Cremonese-Milan 0-2, sintesi e pagelle del match vinto dai rossonero e valido per la ventisettesima giornata di campionato.
Primo tempo
Allo Zini il Milan parte con il freno a mano tirato e per oltre mezz’ora lascia l’iniziativa alla Cremonese, aggressiva e pericolosa soprattutto sugli esterni. I padroni di casa sfiorano il vantaggio con Bonazzoli e Vardy, approfittando di un atteggiamento rossonero troppo attendista e poco lucido nella gestione del possesso. Col passare dei minuti però la squadra di Pioli cresce e costruisce le occasioni migliori: prima Leao spreca un uno contro uno calciando di poco a lato, poi è Pulisic a farsi ipnotizzare da Audero, autore di interventi decisivi. Nel recupero è ancora il portiere grigiorosso a negare il gol a Fofana con una grande parata, chiudendo una prima frazione equilibrata ma con il Milan più vicino al vantaggio nel finale.
Secondo tempo
La ripresa si apre con un Milan più intraprendente, che alza il baricentro e crea diverse opportunità, soprattutto con un Leao sempre più protagonista: il portoghese chiama Audero a più interventi e sfiora il gol su assist di Rabiot, senza però trovare precisione sotto porta. Anche la Cremonese resta viva, rendendosi pericolosa in contropiede e su palla inattiva, ma Maignan risponde presente. Con il passare dei minuti la gara si incattivisce e si trascina verso lo 0-0, finché nel finale succede tutto: al 90’ Pavlovic trova il vantaggio sugli sviluppi di un cross di Modric, rompendo l’equilibrio. Nei minuti di recupero arriva anche il raddoppio, con una ripartenza rifinita da Nkunku e chiusa a porta vuota da Leao, che consegna al Milan una vittoria sofferta ma pesantissima in vista del derby.
Le pagelle
Mike Maignan 6,5 – Poco lavoro, ma sempre presente quando serve. Nel finale trasmette sicurezza.

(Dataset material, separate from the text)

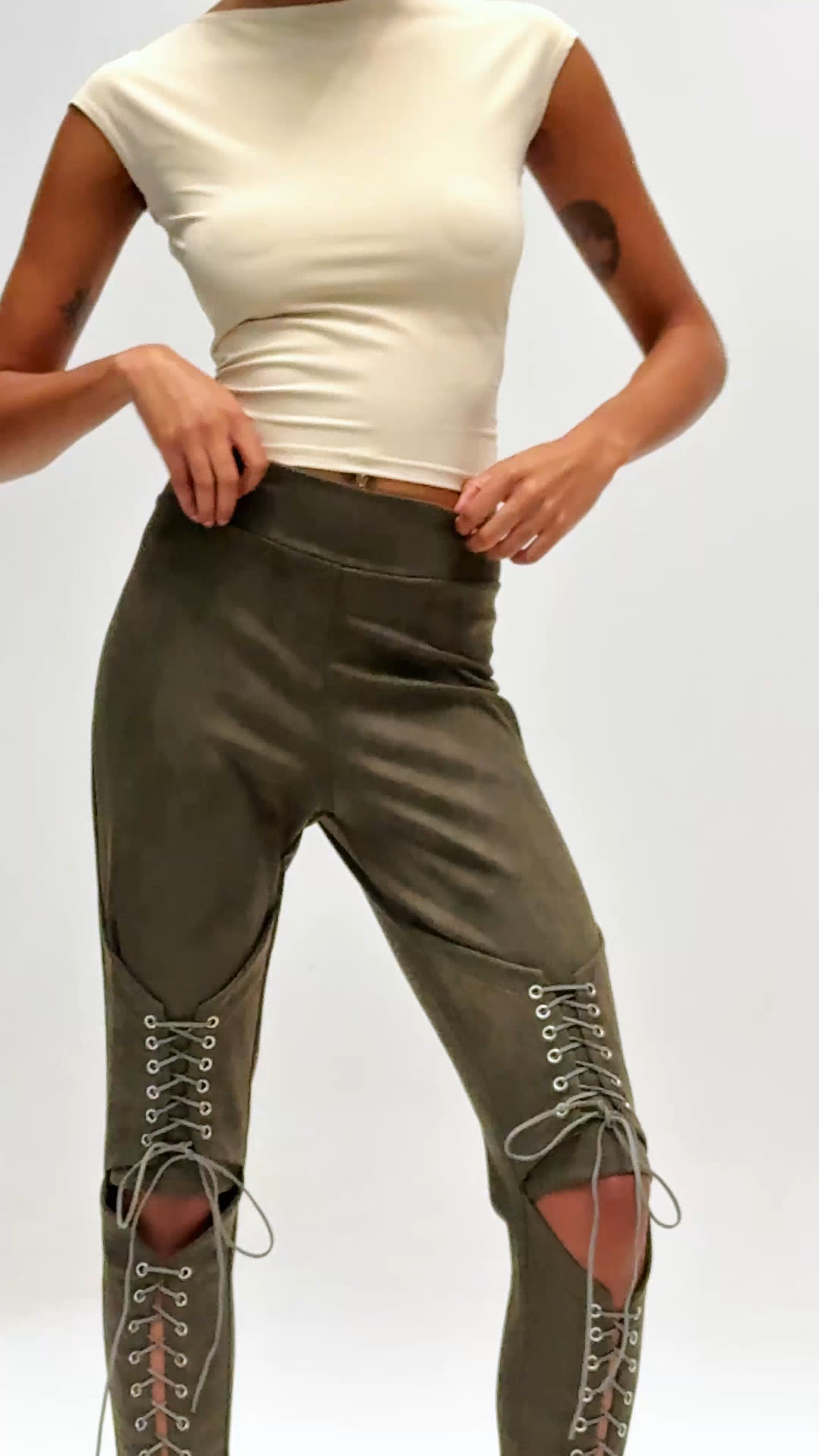 Benicio Suede Cutout Lace Up Bodycon Pants
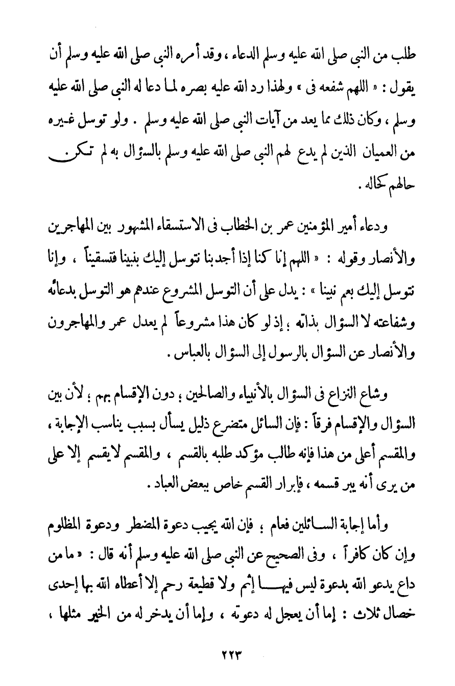 طَلَبٌ مِنْ النَّبِيِّ صَلَّى اللَّهُ عَلَيْهِ وَسَلَّمَ الدُّعَاءَ وَقَدْ أَمَرَهُ النَّبِيُّ صَلَّى اللَّهُ عَلَيْهِ وَسَلَّمَ أَنْ يَقُولَ: {اللَّهُمَّ شَفِّعْهُ فِيَّ} وَلِهَذَا رَدَّ اللَّهُ عَلَيْهِ بَصَرَهُ لَمَّا دَعَا لَهُ النَّبِيُّ صَلَّى اللَّهُ عَلَيْهِ وَسَلَّمَ وَكَانَ ذَلِكَ مِمَّا يُعَدُّ مِنْ آيَاتِ النَّبِيِّ صَلَّى اللَّهُ عَلَيْهِ وَسَلَّمَ. وَلَوْ تَوَسَّلَ غَيْرُهُ مِنْ الْعُمْيَانِ الَّذِينَ لَمْ يَدْعُ لَهُمْ النَّبِيُّ صَلَّى اللَّهُ عَلَيْهِ وَسَلَّمَ بِالسُّؤَالِ بِهِ لَمْ تَكُنْ حَالُهُمْ كَحَالِهِ. وَدُعَاءُ أَمِيرِ الْمُؤْمِنِينَ عُمَرَ بْنِ الْخَطَّابِ فِي الِاسْتِسْقَاءِ الْمَشْهُورِ بَيْنَ الْمُهَاجِرِينَ وَالْأَنْصَارِ وَقَوْلُهُ: " اللَّهُمَّ إنَّا كُنَّا إذَا أَجْدَبْنَا نَتَوَسَّلُ إلَيْك بِنَبِيِّنَا فَتَسْقِينَا وَإِنَّا نَتَوَسَّلُ إلَيْك بِعَمِّ نَبِيِّنَا ": يَدُلُّ عَلَى أَنَّ التَّوَسُّلَ الْمَشْرُوعَ عِنْدَهُمْ هُوَ التَّوَسُّلُ بِدُعَائِهِ وَشَفَاعَتِهِ لَا السُّؤَالُ بِذَاتِهِ؛ إذْ لَوْ كَانَ هَذَا مَشْرُوعًا لَمْ يَعْدِلْ عُمَرُ وَالْمُهَاجِرُونَ وَالْأَنْصَارُ عَنْ السُّؤَالِ بِالرَّسُولِ إلَى السُّؤَالِ بِالْعَبَّاسِ. وَشَاعَ النِّزَاعُ فِي السُّؤَالِ بِالْأَنْبِيَاءِ وَالصَّالِحِينَ؛ دُونَ الْإِقْسَامِ بِهِمْ؛ لِأَنَّ بَيْنَ السُّؤَالِ وَالْإِقْسَامِ فَرْقًا: فَإِنَّ السَّائِلَ مُتَضَرِّعٌ ذَلِيلٌ يَسْأَلُ بِسَبَبِ يُنَاسِبُ الْإِجَابَةَ وَالْمُقْسِمُ أَعْلَى مِنْ هَذَا فَإِنَّهُ طَالِبٌ مُؤَكِّدٌ طَلَبَهُ بِالْقَسَمِ وَالْمُقْسِمُ لَا يُقْسِمُ إلَّا عَلَى مَنْ يَرَى أَنَّهُ يُبِرُّ قَسَمَهُ فَإِبْرَارُ الْقَسَمِ خَاصٌّ بِبَعْضِ الْعِبَادِ. وَأَمَّا إجَابَةُ السَّائِلِينَ فَعَامٌّ؛ فَإِنَّ اللَّهَ يُجِيبُ دَعْوَةَ الْمُضْطَرِّ وَدَعْوَةَ الْمَظْلُومِ وَإِنْ كَانَ كَافِرًا وَفِي الصَّحِيحِ عَنْ النَّبِيِّ أَنَّهُ قَالَ: {مَا مِنْ دَاعٍ يَدْعُو اللَّهَ بِدَعْوَةِ لَيْسَ فِيهَا إثْمٌ وَلَا قَطِيعَةُ رَحِمٍ إلَّا أَعْطَاهُ اللَّهُ بِهَا إحْدَى خِصَالٍ ثَلَاثٍ: إمَّا أَنْ يُعَجِّلَ لَهُ دَعْوَتَهُ وَإِمَّا أَنْ يَدَّخِرَ لَهُ مِنْ الْخَيْرِ مِثْلَهَا

Fikayo Tomori 6 – Gara ordinata, senza sbavature. Gestisce con calma le poche situazioni complicate. Dal 79’ Athekame sv.
Koni De Winter 6,5 – Attento e concreto. Sua la deviazione che indirizza l’azione del gol.
Strahinja Pavlovic 7 – Decisivo. Segna nel momento più pesante e guida la difesa con personalità.
Alexis Saelemaekers 5 – Tanta corsa, poca incisività. Non crea pericoli reali. Dal 62’ Fullkrug 6,5 – Dà struttura e peso all’attacco, cambiando il volto della squadra.
Youssouf Fofana 6,5 – Dinamico e continuo. Recupera palloni e costruisce occasioni. Dal 62’ Ricci 6 – Porta equilibrio e gestione nel finale.
Luka Modric 6,5 – Regia lucida e qualità. Suo il cross da cui nasce il vantaggio.
Adrien Rabiot 6,5 – Presenza costante e due assist importanti. Completo.
Davide Bartesaghi 6,5 – Qualche errore, ma tanta generosità. Dal suo spunto nasce il corner decisivo. Dall’89’ Estupinian sv.
Christian Pulisic 5 – Spreca troppo davanti alla porta. Serata poco brillante. Dal 79’ Nkunku 6,5 – Entra bene e chiude la partita con l’assist.
Rafael Leao 6 – Sbaglia occasioni importanti, ma resta il più pericoloso e trova il gol nel finale. Vittoria anche sua.